:: EXERCISE INPUT ::
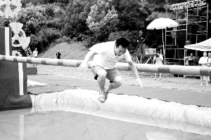 黃健翔在《快樂(lè)向前沖》中快樂(lè)落水。
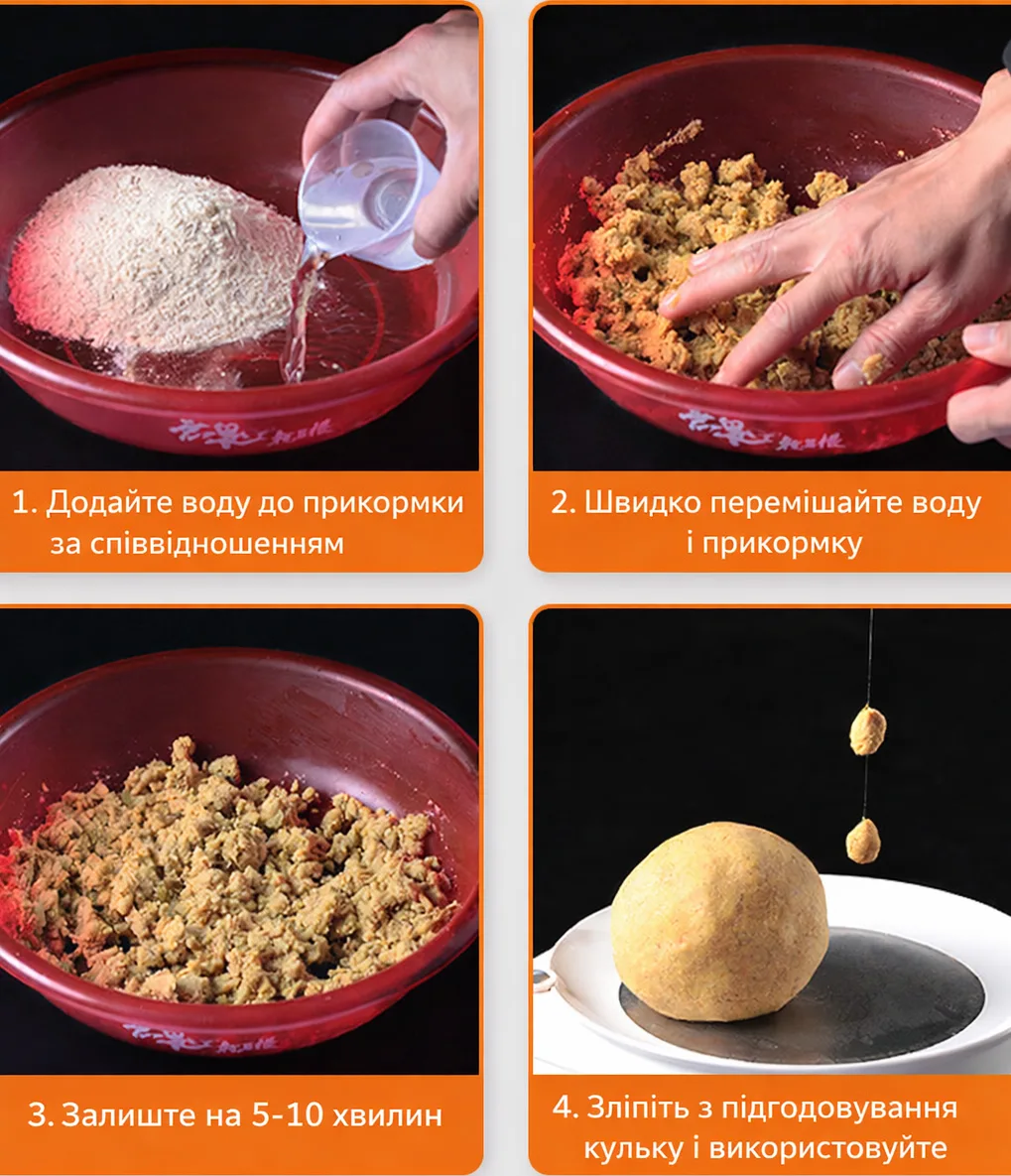 - Для кульок (щільніша подача): співвідношення вода/прикормка 1 : 1
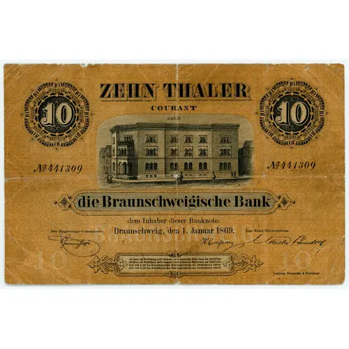 10 10 ZEHN THALER COURANT zahlt die Braunschweigische Bank dem Inhaber dieser Banknote. Braunschweig, den 1. Januar 1869. Der Regierungs-Commissair: Das Bank-Directorium: Leipzig, Giesecke & Devrient. |
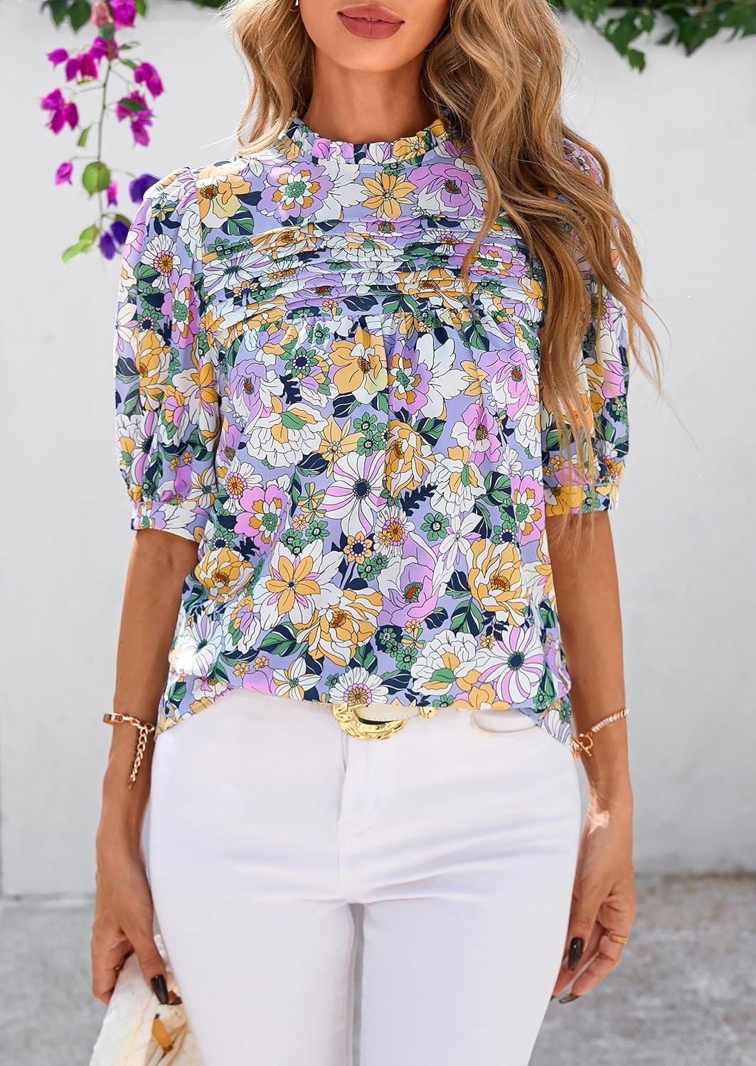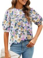 PRETTYGARDEN Floral Tops for Women Blouses Dressy Casual 2025 Summer Trendy Outfits Boho Pleated Short Sleeve Shirts
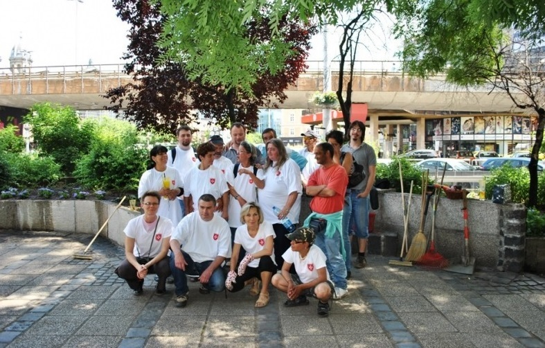 A környezet szépítését célzó, immár sokadik akció húsz önkéntessel indult, de a munkába bekapcsolódtak a téren pihenő hajléktalan emberek is.
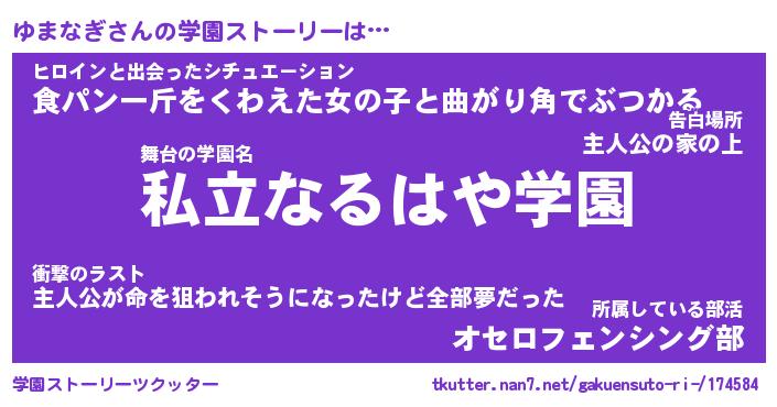 | 伝説のあだ名 | 『不死鳥のスナイパーゆまなぎ』 |
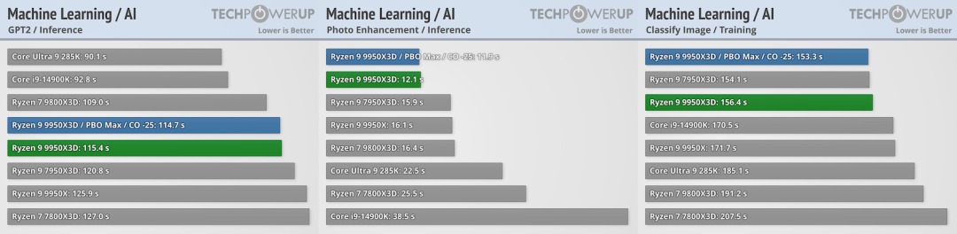 GPT2、图像放大、图像分类(9950X3D基准)来源:techpowerup
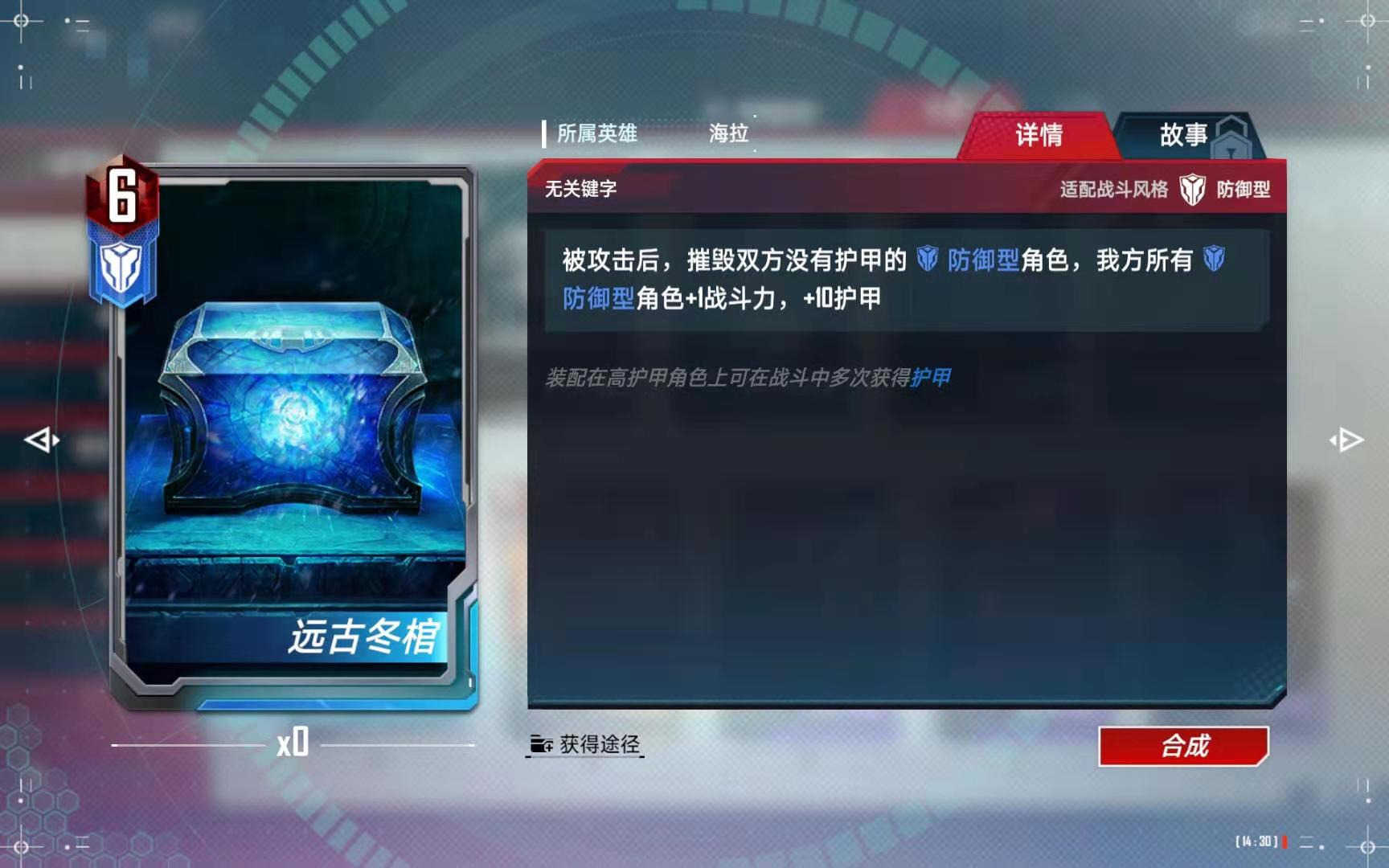 (10)远古冬棺:被攻击后,摧毁双方“没有护甲的防御型角色”,我方所有防御型角色+1战斗力、+10护甲;

:: TASK PROMPT ::
Write out exactly the lines of the material above, starting with the first and finishing with the line that contains "GPT2、图像放大、图像分类(9950X3D基准)来源:techpowerup", without pictures.

:: SOLVED EXERCISE ::
 黃健翔在《快樂(lè)向前沖》中快樂(lè)落水。
 - Для кульок (щільніша подача): співвідношення вода/прикормка 1 : 1
 10 10 ZEHN THALER COURANT zahlt die Braunschweigische Bank dem Inhaber dieser Banknote. Braunschweig, den 1. Januar 1869. Der Regierungs-Commissair: Das Bank-Directorium: Leipzig, Giesecke & Devrient. |
 PRETTYGARDEN Floral Tops for Women Blouses Dressy Casual 2025 Summer Trendy Outfits Boho Pleated Short Sleeve Shirts
 A környezet szépítését célzó, immár sokadik akció húsz önkéntessel indult, de a munkába bekapcsolódtak a téren pihenő hajléktalan emberek is.
 | 伝説のあだ名 | 『不死鳥のスナイパーゆまなぎ』 |
 GPT2、图像放大、图像分类(9950X3D基准)来源:techpowerup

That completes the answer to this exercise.